-Author name in bold denotes the presenting author
-Asterisk * with author name denotes a Non-ASH member
Clinically Relevant Abstract denotes an abstract that is clinically relevant.

PhD Trainee denotes that this is a recommended PHD Trainee Session.

Ticketed Session denotes that this is a ticketed session.

705 HCK Is a Highly Relevant Target of Ibrutinib in MYD88 Mutated Waldenstrom's Macroglobulinemia and Diffuse Large B-Cell Lymphoma

Lymphoma: Pre-Clinical – Chemotherapy and Biologic Agents
Program: Oral and Poster Abstracts
Type: Oral
Session: 625. Lymphoma: Pre-Clinical – Chemotherapy and Biologic Agents: B-cell Receptor Signaling and Resistance in Lymphoma
Monday, December 7, 2015: 3:15 PM
Hall E2, Level 2 (Orange County Convention Center)

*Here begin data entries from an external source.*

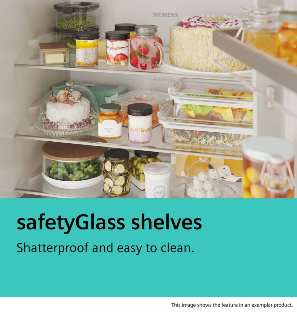 Všechny skleněné police jsou vyrobeny z extra pevného a snadno čistitelného bezpečnostního skla. Pokud se něco převrhne, rozlitá tekutina se zachytí a nerozlije se do zbytku prostoru chladničky.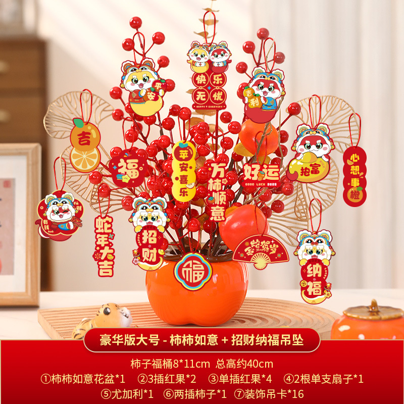 2025蛇年新款新年发财果装饰品玄关客厅桌面柿柿如意摆件春节用品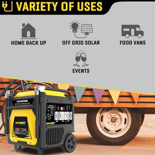 Maxwatt® digital inverter generators offer the best in portable power, fuel efficiency and are super silent. Besides the electrical output being able to power all sensitive equipment, the MX9000IS is ideal for Food trucks, Coffee vans, Markets and events as well as emergency home back up power. This generator has a rated output of 8200 watts with a maximum output of 9000 watts. The MX9000IS has been designed to complement off-grid solar power systems as it has a pre-installed 2-wire automatic start, run and stop control system.

Guang Yang, PhD1, Sara Buhrlage, PhD2*, Li Tan, PhD2*, Xia Liu, MD1*, Jie Chen, PhD1*, Zachary Hunter, PhD1*, Lian Xu1*, Nicholas Tsakmaklis1*, Jiaji Chen1*, Christopher J Patterson, MFA1*, Jorge J Castillo, MD3, Wei Zhang, PhD4*, Nathanael Gray, PhD2* and Steven P Treon, MD, PhD1

1Bing Center for WM, Dana Farber Cancer Institute, Boston, MA
2Dept of Biological Chemistry and Molecular Pharmacology, Harvard Medical School, Boston, MA
3Division of Hematologic Oncology, Dana-Farber Cancer Institute, Harvard Medical School, Boston, MA
4College of Science and Mathematics, University of Massachusetts, Boston, MA

Background: Ibrutinib was recently approved by the U.S. FDA, and the European Medicines Agency for the treatment of Waldenström's macroglobulinemia (WM) given the findings of a prospective, multicenter study that showed high levels of response and durable progression-free survival in previously treated patients (NEJM 372(15):1430-40). Mutations in MYD88 are highly prevalent in patients with WM (NEJM 367(9):826-33) and ABC subtype of DLBCL (Nature 470(7332):115-9), and activate BTK, a target of ibrutinib (Blood 122(7):1222-32). Ibrutinib is also known to target other kinases, which may be functionally relevant to its activity in WM, and other MYD88 mutated diseases.

Methodology: Transcriptomic profiling of primary WM patient cells; MYD88, HCK and BTK transduction experiments; Kinome profiling; and co-immunoprecipitation studies using biotin-labeled ibrutinib were performed to identify relevant targets of ibrutinib in MYD88 mutated cells. Functional studies were also performed to validate target activity.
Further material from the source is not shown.